I have nothing, but am hoping that @Kahomono still has something like these to post (or PM if needed):

I tried to make a many-block database out of about 5 GB of data by setting a 1 KB blocksize, but the SQL that was hugely slow in the test here ran quickly, typically under 10 seconds.

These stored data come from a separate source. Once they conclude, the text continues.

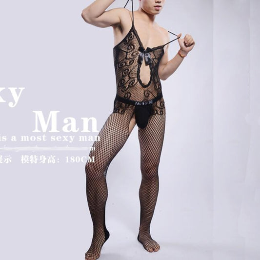 Erotic Stockings Jumpsuit - Ultra-Thin, Transparent, and Sexy Lingerie for Men.
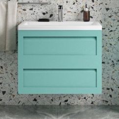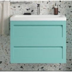 Тумба подвесная Art&Max Platino 75 см с раковиной AM-LAV-750-MR-A, 2 выдвижных ящика, направляющие скрытого монтажа, с доводчиками, цвет бирюзовый матовый.
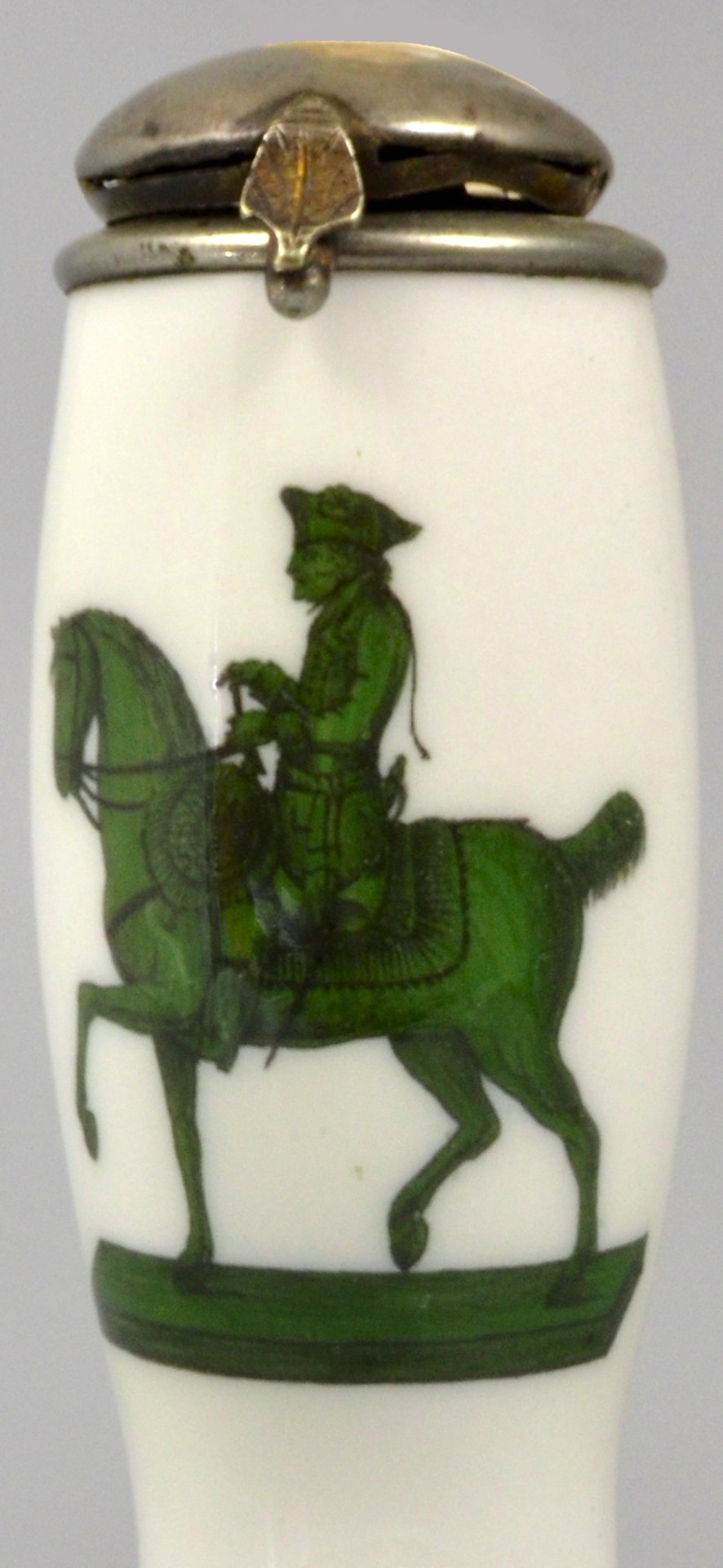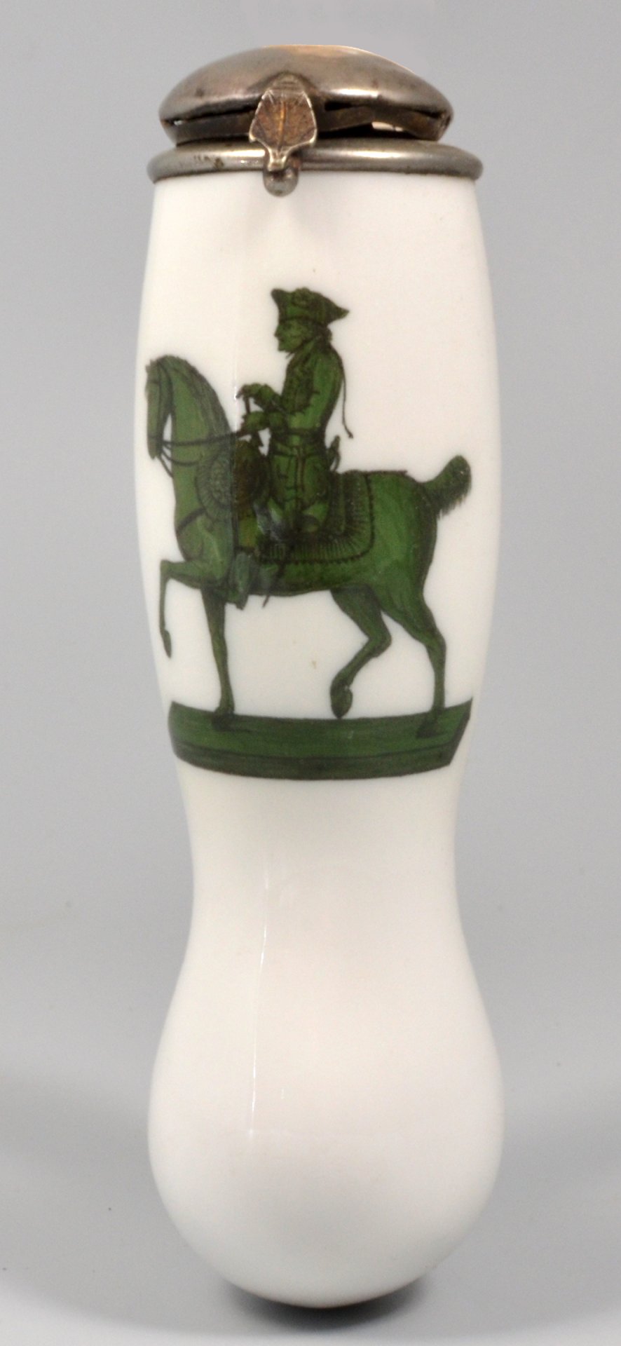 „Pfeifenkopf aus Porzellan, mit festem Abzuge holländische Form“ (Preis-Verzeichniss 1828); auf der Schauseite als Ausdruck einer mit Patina besetzten Bronzeplastik in schwarzen und grünen Muffelfarben die Abbildung eines Denkmalentwurfes für Friedrich II in Berlin. (Auftrag am 29.02.1836 an Johann Gottfried Schadow, Grundsteinlegung am 01.06.1840, Realisierung durch Christian Daniel Rauch und Enthüllung am 31.05.1851); blaue Strichmarke im Pfeifenhals; Montierung und Halstülle aus Silber.
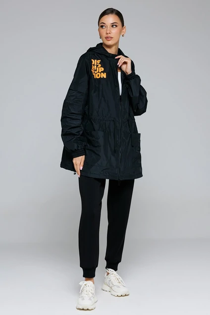 Жакет спортивный летний,удлиненный. Жакет прямого силуэта, с втачным двух шовным рукавом, и 2 -мя горизонтальными складками, на одном из рукавов накладной карман с клапаном, внизу рукав на притачной отстроченной манжете на резинке. Полочка с застежкой на тракторную тесьму-молнию, с кокеткой с печатью и накладным карманом. Спинка с кокеткой. По переду и спинки кулиса со шнурком. По низу парки вставлена эластичная тесьма с фиксаторами. Парка с капюшоном цельнокроеным со стойкой и вставленной в него эластичной тесьмой с фиксаторами. Полочка и спинка на трикотажной подкладке (сетка).
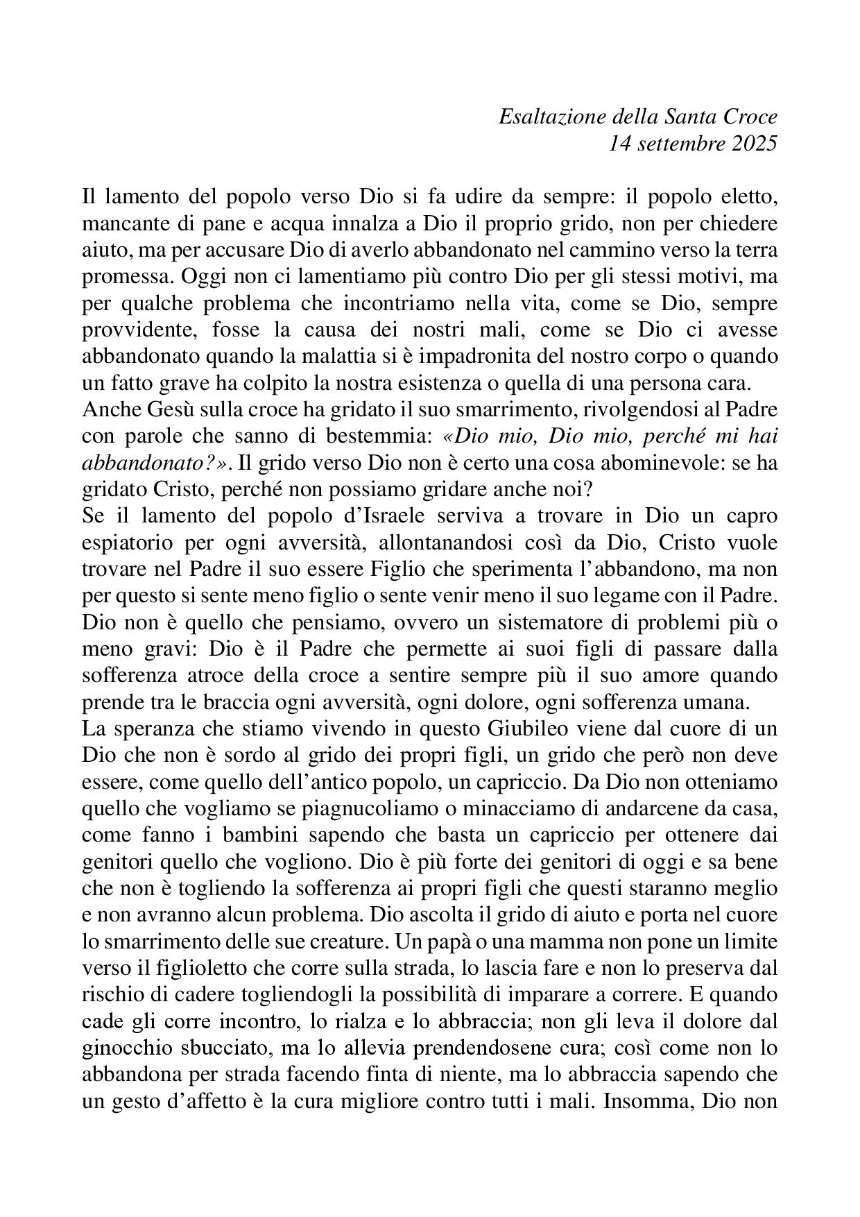 Omelia Esaltazione della Santa Croce - 14 settembre 2025
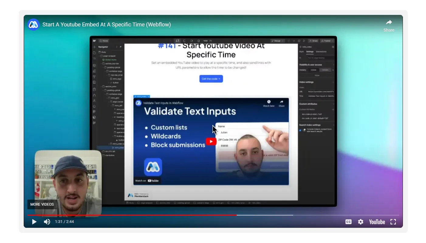 To embed a YouTube video with a timestamp in Webflow, we’re going to use MemberScript #141 – Start YouTube Embed at Specific Time. Follow the link to get the code you’ll need to add to your page and watch a video tutorial on how to set everything up.
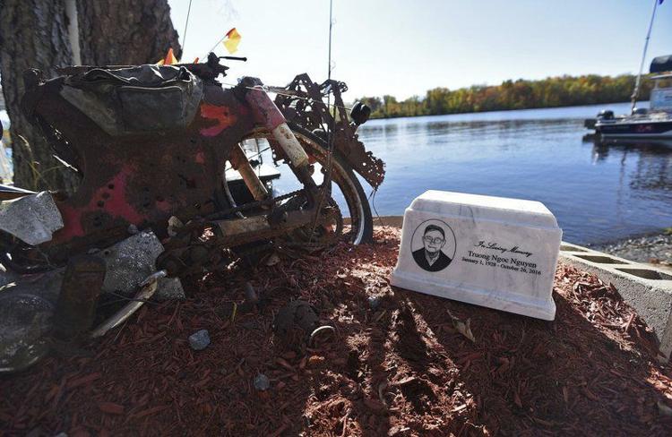 Nhóm làm sạch sông Clean River Project tìm thấy lọ tro cốt của ông Nguyễn Ngọc Trương và một xe gắn máy dưới sông Merrimack ngày thứ Sáu, 18 tháng 10, 2019. (Ryan Hutton/ The Eagle Tribune)
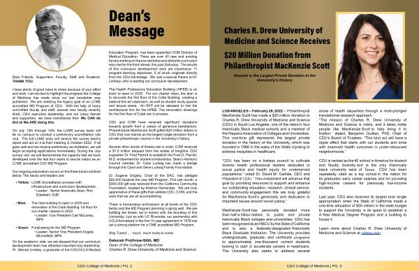 I have plenty of good news to share because of your effort and work. I am excited to highlight the progress the College of Medicine has made since our last newsletter was published. We are realizing the legacy goal of an LCME accredited MD Program at CDU. With the help of many committed faculty and staff, several new faculty recently hired, CDU executive leadership, and our many friends and supporters, we have transitioned from We CAN do this to We ARE doing this.

I did find another slow query:

2021-11-10 13:34:38 -05 - [Profiling-Timer.Finished-Duplicati.Library.Main.Database.ExtensionMethods-ExecuteNonQuery]: ExecuteNonQuery: INSERT INTO "BlocksetEntry" ("BlocksetID", "Index", "BlockID") SELECT DISTINCT "H"."BlocksetID", "H"."Index", "H"."BlockID" FROM (SELECT "E"."BlocksetID" AS "BlocksetID", "D"."FullIndex" AS "Index", "F"."ID" AS "BlockID" FROM (  
        SELECT
            "E"."BlocksetID",
            "F"."Index" + ("E"."BlocklistIndex" * 32) AS "FullIndex",
            "F"."BlockHash",
            MIN(1024, "E"."Length" - (("F"."Index" + ("E"."BlocklistIndex" * 32)) * 1024)) AS "BlockSize",
            "E"."Hash",
            "E"."BlocklistSize",
            "E"."BlocklistHash"
        FROM
            (
                    SELECT * FROM
                    (
                        SELECT 
                            "A"."BlocksetID",
                            "A"."Index" AS "BlocklistIndex",
                            MIN(32 * 32, ((("B"."Length" + 1024 - 1) / 1024) - ("A"."Index" * (32))) * 32) AS "BlocklistSize",
                            "A"."Hash" AS "BlocklistHash",
                            "B"."Length"
                        FROM 
                            "BlocklistHash" A,
                            "Blockset" B
                        WHERE 
                            "B"."ID" = "A"."BlocksetID"
                    ) C,
                    "Block" D
                WHERE
                   "C"."BlocklistHash" = "D"."Hash"
                   AND
                   "C"."BlocklistSize" = "D"."Size"
            ) E,
            "TempBlocklist-5B8DA29CA958C54C908C51C566A62CD9" F
        WHERE
           "F"."BlocklistHash" = "E"."Hash"
        ORDER BY 
           "E"."BlocksetID",
           "FullIndex"
) D, "BlocklistHash" E, "Block" F, "Block" G WHERE "D"."BlocksetID" = "E"."BlocksetID" AND "D"."BlocklistHash" = "E"."Hash" AND "D"."BlocklistSize" = "G"."Size" AND "D"."BlocklistHash" = "G"."Hash" AND "D"."Blockhash" = "F"."Hash" AND "D"."BlockSize" = "F"."Size"  UNION SELECT "Blockset"."ID" AS "BlocksetID", 0 AS "Index", "Block"."ID" AS "BlockID" FROM "Blockset", "Block", "TempSmalllist-EC4FB09A30DBC943B8DAAF0BB25461DE" S WHERE "Blockset"."Fullhash" = "S"."FileHash" AND "S"."BlockHash" = "Block"."Hash" AND "S"."BlockSize" = "Block"."Size" AND "Blockset"."Length" = "S"."BlockSize" AND "Blockset"."Length" <= 1024 ) H WHERE ("H"."BlocksetID" || ':' || "H"."Index") NOT IN (SELECT ("ExistingBlocksetEntries"."BlocksetID" || ':' || "ExistingBlocksetEntries"."Index") FROM "BlocksetEntry" "ExistingBlocksetEntries" ) took 0:00:36:12.999

Except for me it wasn’t the main culprit, and I don’t know if the query above was slow in the big test here.

1 Like

Well, this other query is way more complex, not only in shear size but also for the fact that it depends on temporary tables being properly filled with data but I can try to look at it also.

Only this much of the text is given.